Closed Bug 1577813 Opened 6 years ago Closed 6 years ago

mac minis to physically check

Categories

(Infrastructure & Operations :: RelOps: Posix OS, task)

task
Not set
normal

Tracking

(Not tracked)

RESOLVED FIXED

People

(Reporter: dhouse, Assigned: dividehex)

References

Details

User Story

host serial asset rack shelf notes/bug?

signing(notarization) minis:
mac-v3-signing8	C07TQ095G1J2	35245	IT42	15.20 (https://bugzilla.mozilla.org/show_bug.cgi?id=1575615#c11)
 * Firmware not upgraded.  Currently: MM71.022.B14  Needs to be: MM71.0232.B00

mac-v3-signing9	C07T610MG1J2	44214	IT41	16.10 (https://bugzilla.mozilla.org/show_bug.cgi?id=1570187#c8)
 * Firmware not upgraded.  Currently: MM71.022.B08  Needs to be: MM71.0232.B00

testers:
257	C07RJ11CG1J2	03962	IT44	14.10
* still running yosemite even thought hostname was changed to mojave.  reimaged to mojave
262	C07RJ0X9G1J2	03967	IT44	16.2
* hung.  rebooted via power button
272	C07RJ0YPG1J2	03977	IT44	26.2
* dead. no power up

336	C07RJ10UG1J2	02984	IT40	5.2
* powered off
339	C07RJ0ZSG1J2	02987	IT40	7.1
* powered off; would not enter recovery, forced to create user in order to bless and reimage. must press power from the rear
340	C07RJ11GG1J2	02988	IT40	7.2
* powered off; would not enter recovery, forced to create user in order to bless and reimage. must press power from the rear
356	C07RJ133G1J2	18463	IT40	17.2
* powered off; would not enter recovery, forced to create user in order to bless and reimage. 
364	C07RJ10CG1J2	18471	IT40	26.20
powered off,  no video. need more trouble shooting
369	C07RJ11EG1J2	18476	IT40	30.1	

315	C07RJ13AG1J2	02963	IT41	19.1
* reimaged (took longer than normal)

461	C07SQ0PCG1J2	15745	IT41	4.10  blessed to reimage as staging but didn't come back
 * bad switch port?  The port seemed dead with no light and the os report cable not connected.  I moved the cable to another port it seemed to connect but ssh was really spoty.

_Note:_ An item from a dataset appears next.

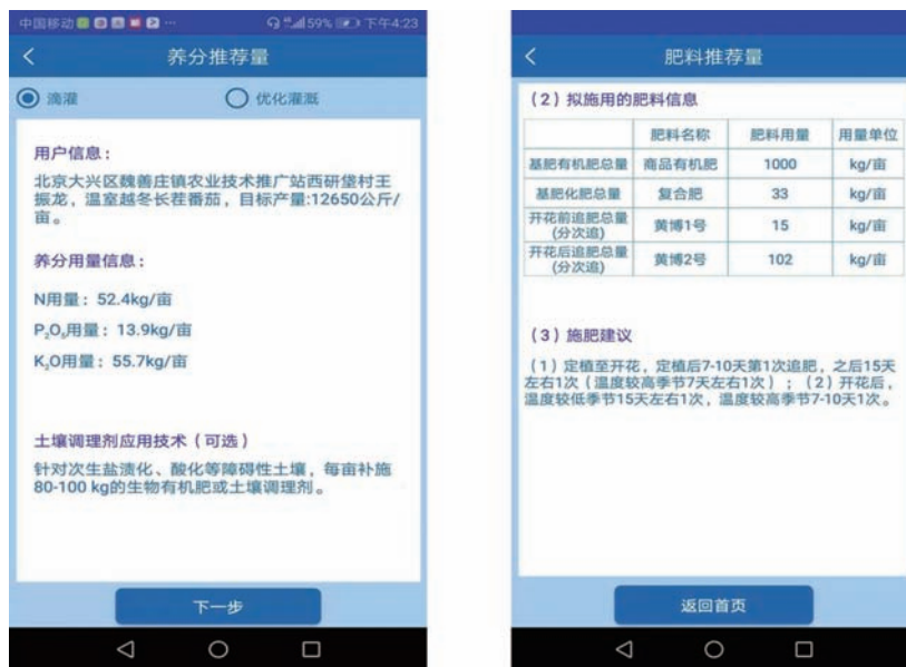
图3 蔬菜施肥量简便快速推荐系统 APP 推荐结果输出

基于移动通讯技术的蔬菜施肥量简便快速推荐系统在河北省定兴县、藁城区、永清县、青县以及天津市西青区、武清区等设施蔬菜优势区核心示范基地应用，示范效果显著，减施化肥养分30%，增产8%以上，增收15%以上。智能手机客户端通过网络访问并调用数据中心的专家推荐施肥数据库，仅消耗网络流量，应用表明，完成一次施肥推荐仅需要0.1~0.2 M的流量，在河北省5元购买30 M网络流量的模式下，仅需要0.02元。

~~462	C07SQ0QHG1J2	15746	IT41	4.20~~  good staging; for comparison
463	C07SQ0RAG1J2	15747	IT41	5.10  went offline after multiuser test (softwareupdate in log)
464	C07SQ0NUG1J2	15748	IT41	5.20  went offline after multiuser test (softwareupdate in log)
465	C07SQ0RNG1J2	15749	IT41	6.10  went offline after multiuser test (softwareupdate in log)
* All 3 multiuser were in a reboot loop.  I entered recovery and reimaged.

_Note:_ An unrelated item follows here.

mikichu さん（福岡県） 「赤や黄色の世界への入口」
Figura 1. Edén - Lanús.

468	C07SQ0QMG1J2	15752	IT41	7.2
* completely dead; no power up

mac minis to physically inspect and troubleshoot.

User Story: (updated)
User Story: (updated)
Assignee: nobody → jwatkins
Blocks: 1570187
User Story: (updated)
User Story: (updated)

I checked over all of the mdc1 minis again, I was able to bring up 264, kicked off reimaging of 257, and added 257 and 364 to the list. I'll remove 257 if it succeeds in reimaging.

User Story: (updated)

I kicked off a reimage of #256 to make sure deploystudio is working on install2 (since it cycled for the power maintenance wednesday):
256 C07RJ134G1J2 03961 mdc1 IT44 12.20

I haven't seen a deploystudio email yet. bsdpy was not affected by the power (uptime is around 1 year on there)

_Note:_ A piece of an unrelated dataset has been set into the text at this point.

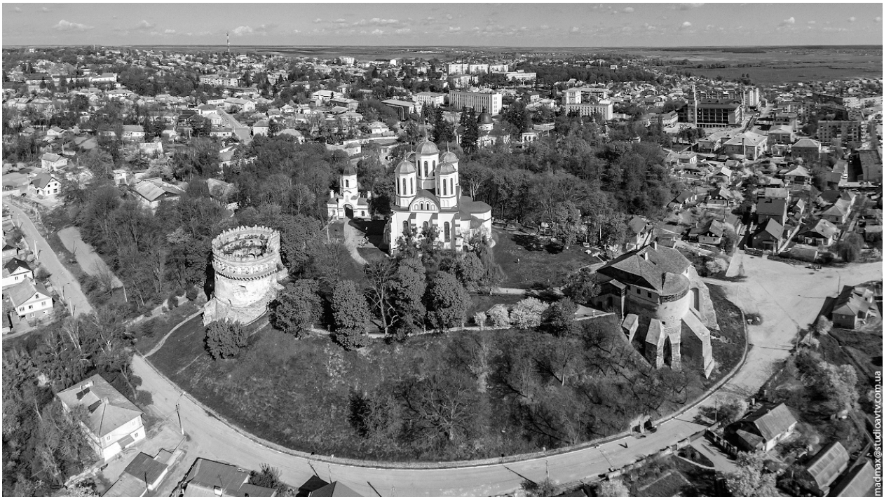
Рис. 1. Сучасний вигляд на Острозький замок та історичне середмістя Острога. 2021 р. URL: https://itvmg.com/news/v-ostrozi-oselyatsya-ostrogy-j-ostrozhyky-foto

(In reply to Dave House [:dhouse] from comment #2)

I kicked off a reimage of #256 to make sure deploystudio is working on install2 (since it cycled for the power maintenance wednesday):
256 C07RJ134G1J2 03961 mdc1 IT44 12.20

I haven't seen a deploystudio email yet. bsdpy was not affected by the power (uptime is around 1 year on there)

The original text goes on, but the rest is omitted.